Bases: str, BaseEnum

RANKED = 'rankedFusion'
RELATIVE_SCORE = 'relativeScoreFusion'
class weaviate.gql.get.LinkTo(link_on: str, linked_class: str, properties: Sequence[Union[str, ForwardRef('LinkTo')]])[source]

Bases: object

linked_class: str
properties: Sequence[str | LinkTo]

weaviate.gql.multi_get module

GraphQL Get command.

class weaviate.gql.multi_get.MultiGetBuilder(get_builder: List[GetBuilder], connection: Connection)[source]

Bases: GraphQL

GetBuilder class used to create GraphQL queries.

Initialize a MultiGetBuilder class instance.

Parameters

get_builderlist of GetBuilder

GetBuilder objects for a single request each.

connectionweaviate.connect.Connection

Connection object to an active and running Weaviate instance.

Examples

To create a ‘multi_get’ object using several ‘get’ request at the same time use:

>>>    client.query.multi_get(
... [
...    client.query.get("Ship", ["name"]).with_alias("one"),
...    client.query.get("Ship", ["size"]).with_alias("two"),
...    client.query.get("Person", ["name"])
... ]
with_alias() needs to be used if the same 'class_name' is used twice during the same 'multi_get' request.

Raises

TypeError

If ‘get_builder’ is of wrong type.

build() str[source]

Build query filter as a string.

Returns

str

The GraphQL query as a string.

weaviate.gql.query module

GraphQL query module.

class weaviate.gql.query.Query(connection: Connection)[source]

Bases: object

Query class used to make get and/or aggregate GraphQL queries.

Initialize a Classification class instance.

Parameters

connectionweaviate.connect.Connection

Connection object to an active and running Weaviate instance.

aggregate(class_name: str) AggregateBuilder[source]

Instantiate an AggregateBuilder for GraphQL aggregate requests.

Parameters

class_namestr

Class name of the objects to be aggregated.

Returns

AggregateBuilder

An AggregateBuilder to make GraphQL aggregate requests from weaviate.

get(class_name: str, properties: Sequence[str | LinkTo] | str | None = None) GetBuilder[source]

Instantiate a GetBuilder for GraphQL get requests.

Parameters

class_namestr

Class name of the objects to interact with.

propertieslist of str and ReferenceProperty, str or None

Properties of the objects to get, by default None

Returns

GetBuilder

A GetBuilder to make GraphQL get requests from weaviate.

multi_get(get_builder: List[GetBuilder]) MultiGetBuilder[source]

Instantiate a MultiGetBuilder for GraphQL multi_get requests.
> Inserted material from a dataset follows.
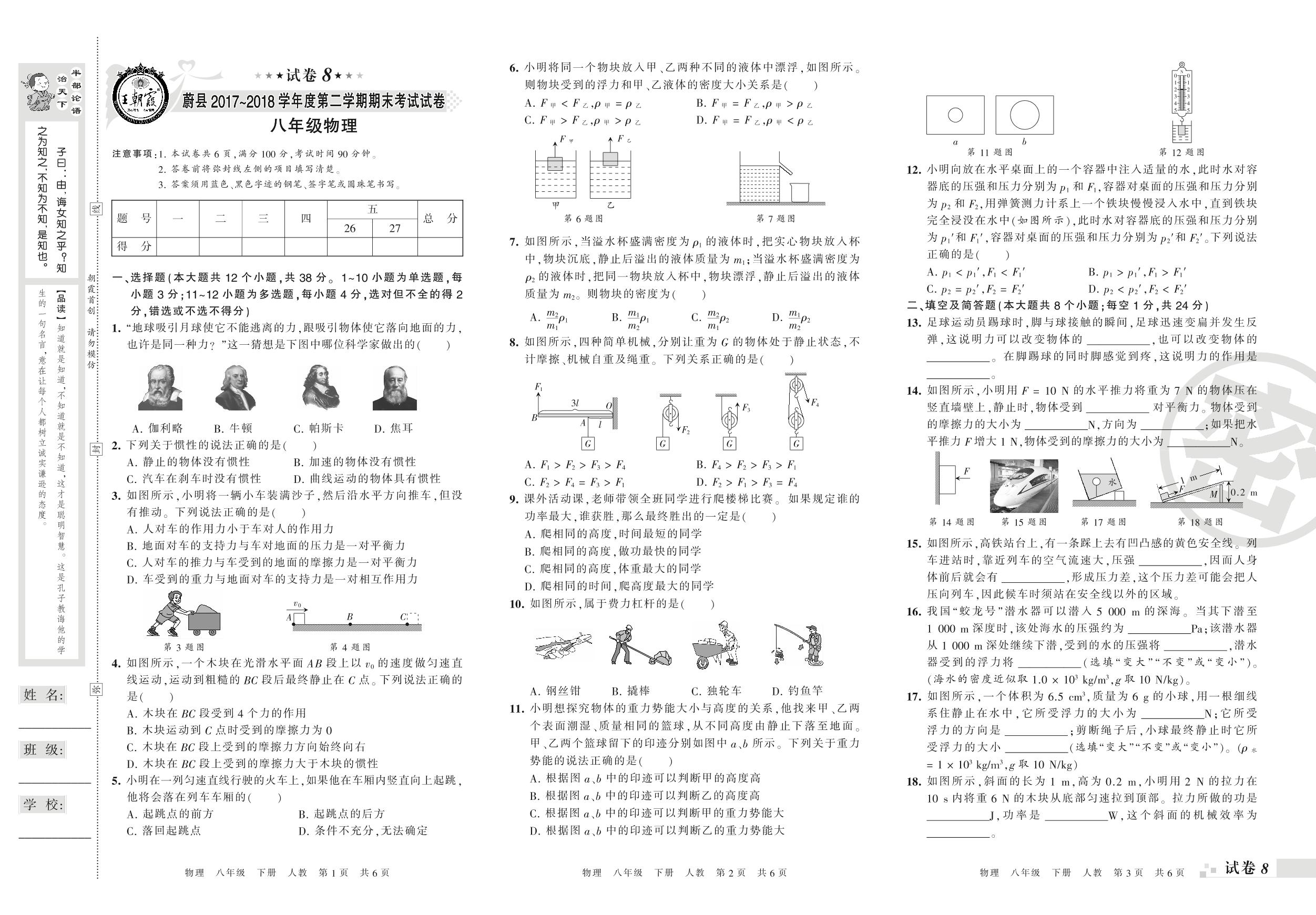 八年级物理人教版下册期末卷

Bundles multiple get requests into one.

Parameters

get_builderlist of GetBuilder

List of GetBuilder objects for a single request each.

Returns

MultiGetBuilder

A MultiGetBuilder to make GraphQL get multiple requests from weaviate.
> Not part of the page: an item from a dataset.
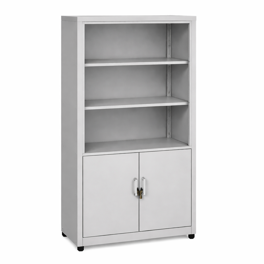 Librero mixto con espacios abiertos y puertas. Diseño resistente, seguro y funcional para oficinas, escuelas, gimnasios o áreas industriales.

raw(gql_query: str) Dict[str, Any][source]

Allows to send simple graph QL string queries. Be cautious of injection risks when generating query strings.

Parameters

gql_querystr

GraphQL query as a string.

Returns

dict

Data response of the query.

Examples

>>> query = """
... {
...     Get {
...         Article(limit: 2) {
...         title
...         hasAuthors {
...             ... on Author {
...                 name
...                 }
...             }
...         }
...     }
... }
... """
>>> client.query.raw(query)
{
"data": {
    "Get": {
    "Article": [
        {
        "hasAuthors": [
            {
            "name": "Jonathan Wilson"
            }
        ],
        "title": "Sergio Agüero has been far more than a great goalscorer for
                    Manchester City"
        },
        {
        "hasAuthors": [
            {
            "name": "Emma Elwick-Bates"
            }
        ],
        "title": "At Swarovski, Giovanna Engelbert Is Crafting Jewels As Exuberantly
                    Joyful As She Is"
        }
    ]
    }
},
"errors": null
}

Raises

TypeError

If ‘gql_query’ is not of type str.

requests.ConnectionError

If the network connection to weaviate fails.

weaviate.UnexpectedStatusCodeException

If weaviate reports a none OK status.